Um dos mais respeitados nomes do blues no Brasil, é atração confirmada da edição do Confraria Itapema que ocorre na próxima quinta-feira, 17

Nuno Mindelis é um dos mais respeitados guitarristas de blues do Brasil e do mundo; e o seu mais recente trabalho é o Angola Blues, lançado em abril deste ano. O músico é atração confirmada da edição, em novo formato, do Confraria Itapema que acontece no dia 17 de setembro. Com o objetivo de criar novas experiências, o evento ganhou um toque de tecnologia, sem perder o charme e a seleção exclusiva de sons e aromas que conquistam os fãs da boa música e da boa gastronomia. A venda de ingressos para o Confraria Itapema encerram nesta sexta-feira, 11, no site confrariaitapema.com.br.

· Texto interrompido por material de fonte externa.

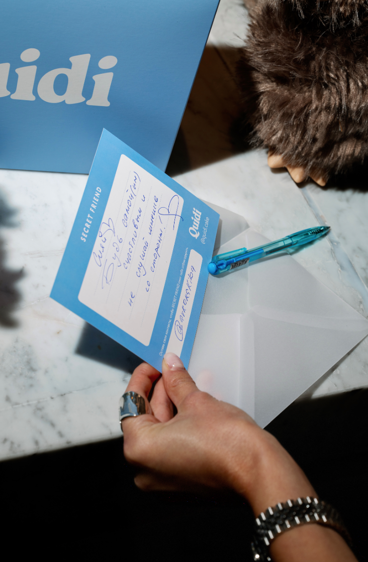 В кондитерский Quidi (Малая Бронная, 20) запустилась необычная акция Secret Friend. После заказа можно оставить пожелание для других гостей и взамен взять рукописное послание для себя. По желанию в конверт можно добавить подарок — оплатить любой десерт или напиток из меню, оставить свой номер или ник для обратной благодарности или знакомства. В конвертах также спрятаны подарки от кондитерской и ее сооснователя — инфлюенсера Дины Саевой.
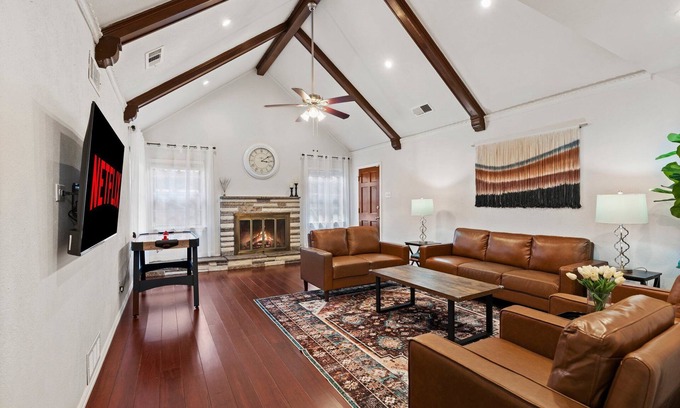 Spacious, cozy and full of fun! Whether you're planning a family vacation, a work trip, or a fun weekend with friends, this beautifully designed spot has it all! 4 bedrooms ( 2 on each floor), 2 full bathrooms ( 1 on each floor) and 2 living rooms ( 1 on each floor) provides plenty of space to unwind and connect or finish up with work.

Em entrevista, o convidado especial da primeira edição do evento em 2020, fala sobre o seu mais novo trabalho. 

- Atualmente eu estou mais preocupado com meu legado. Deixando Angola Blues, eu acho que já deixei um documento. Claro, tem meus outros álbuns também, mas eu acho que Angola Blues é muito legítimo. Se daqui a 50 anos alguém achar que esse disco serviu de alguma coisa, eu estou feliz.

A legitimidade de que Nuno fala tem a ver com o fato de que o registro é totalmente voltado às origens do compositor e instrumentista: Nuno é de Angola; nasceu em Cabinda, passou a primeira infância em Huambo, e a adolescência em Luanda - de onde saiu aos 17 anos, fugindo da sangrenta guerra civil que estourou no país. O músico passou alguns anos no Canadá, mas depois decidiu se mudar definitivamente para o Brasil, onde seu pai estava: a família havia se separado ao escapar da guerra.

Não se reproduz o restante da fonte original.